2. Has anybody else been horrified and nauseated by the role of the electoral college, e.g., in the 2000 election, and the role of Democratic superdelegates, e.g., in the 2016 election? I mean, really, what is the point of voting, if we’re merely children who need the authoritative, Big Daddy oversight of the electoral college and the superdelegates to make sure we get things right? Sortition flips the bird at the electoral college and back room superdelegate collection, and maybe, moves us three giant steps closer to something one might actually, reasonably call democracy. According to The New York Times, superdelegates’ superpowers have been curtailed (though not completely eliminated) since the fiasco of the 2016 election, but still. https://www.nytimes.com/2018/07/11/us/politics/superdelegates-democratic-party.html
3. One of the Philosophy Talk hosts said on the radio the other day that Congressional representatives spend half of every workweek raising funds for re-election. Sortition would do away with that, so Congressional representatives could devote their whole workweek to developing creative solutions and bold, meaningful initiatives that make life better for all Americans instead of blowing smoke up the heinies of the rich and famous. (Here’s a link to a transcript of a This American Life episode that outlines the incredible amount of time congresspeople spend fundraising, and the effects on our political system: https://www.thisamericanlife.org/461/transcript)
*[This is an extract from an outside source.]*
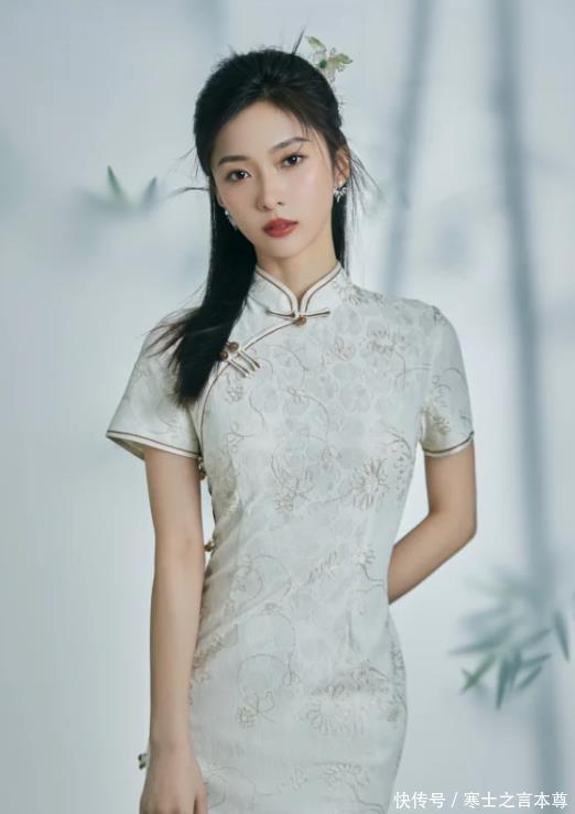 但戏外的赵诗意可没有那么苍白柔弱,相反,她活力四射,充满了朝气。 脸蛋紧致饱满,妆容浓而不艳,鼻梁高挺,五官立体,一身旗袍勾勒出姣好的身段,仿佛是从民国走出来的贵气千金,而眉宇间的英气又透着坚韧不屈的劲儿。

4. For most of my adult life, I typically have not seen my ideas or values “represented” by my “representatives.” As a person who desires radical protection for the natural world; who favors a revamped understanding of what we mean by and want from education; and who believes work as we’ve conceived it is killing many of us—and thus needs revisiting—I am unrepresented. I suspect there are others like me who feel similarly.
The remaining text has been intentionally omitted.